A critical question is whether the U.S. crisis will prove similar to the most severe industrialized-country crises, in which case growth may fall significantly below trend for an extended period. Or will it prove like one of the milder episodes, where the recovery is relatively fast? Much will depend on how large the shock to the financial system proves to be and, to a lesser extent, on the efficacy of the subsequent policy response. (emphasis added)

What are the consequences?

The first consequence is that the U.S. recovery will be more difficult than it needs to be, followed by a systemic shock. It is impossible to anticipate what the U.S. economy will look or feel like in 2020 after that shock occurs.

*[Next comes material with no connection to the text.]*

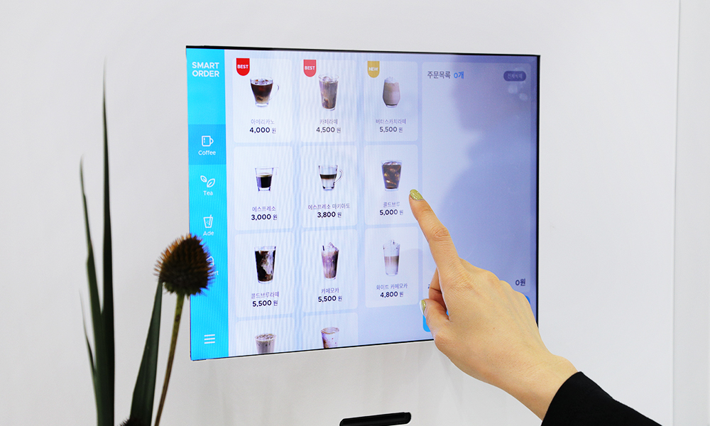 SPC 네트웍스는 카페 운영에 특화된 UX(User Experience, 사용자 경험)와 UI(User Interface, 이용자 인터페이스)를 기반으로 한 IT 솔루션을 제공하고 있습니다. SPC네트웍스의 부스는 안드로이드 태블릿 기반의 소형 키오스크가 배치되어 있었는데요. 주문, 접수, 대기번호 출력, 대기번호 문자 접수까지 한번에 진행되어 소비자와 근무자 모두 편리한 시스템이 구축되어 있었습니다. 특히 키오스크를 사용하지 않을 때는 유명 작품 사진들을 표출하는 액자식 인테리어 느낌을 구현해 매장 미관을 해치지 않도록 고려했습니다.

The second consequence is global. For growth optimists like Dane, Bob, and me (and our readers, right?), it is very difficult to reconcile the gloomy short-term outlook with all of the historical evidence showing long-term acceleration in economic growth. (I'm reminded of the TED talk Alex Tabarrok gave a year ago). The reconciliation is, of course, growth is heterogenous among countries, states, and cities (people, too, for that matter). Japan and Greece seem determined if not destined to be fiscal train wrecks. America seems to be falling into the same trap, and not just because of next year's projected deficit, but because of the inability to institutionally even think about entitlement realities. So, yes, growth will happen, but it won't surge in nations with fiscal hangovers. Growth leadership starts with fiscal restraint, so we can look at this list of public debt by country to see who has the advantage. Names that stick out: China, Russia, Estonia, Chile, Australia, among others.

Does America eally want to pass the baton of global leadership? Of course not. Such batons are never passed. They're dropped.

UPDATE: Jim Hamilton makes the case that the Fed discount rate increase is not a signal of tighter monetary policy. I don't disagree, per above, but I doubt Jim would disagree with the claim that monetary policy is much more likely to tighten before fiscal policy (I give 50-1 odds). And I can guarantee that Jim would prefer to see real fiscal discipline, because he's been writing about that for years.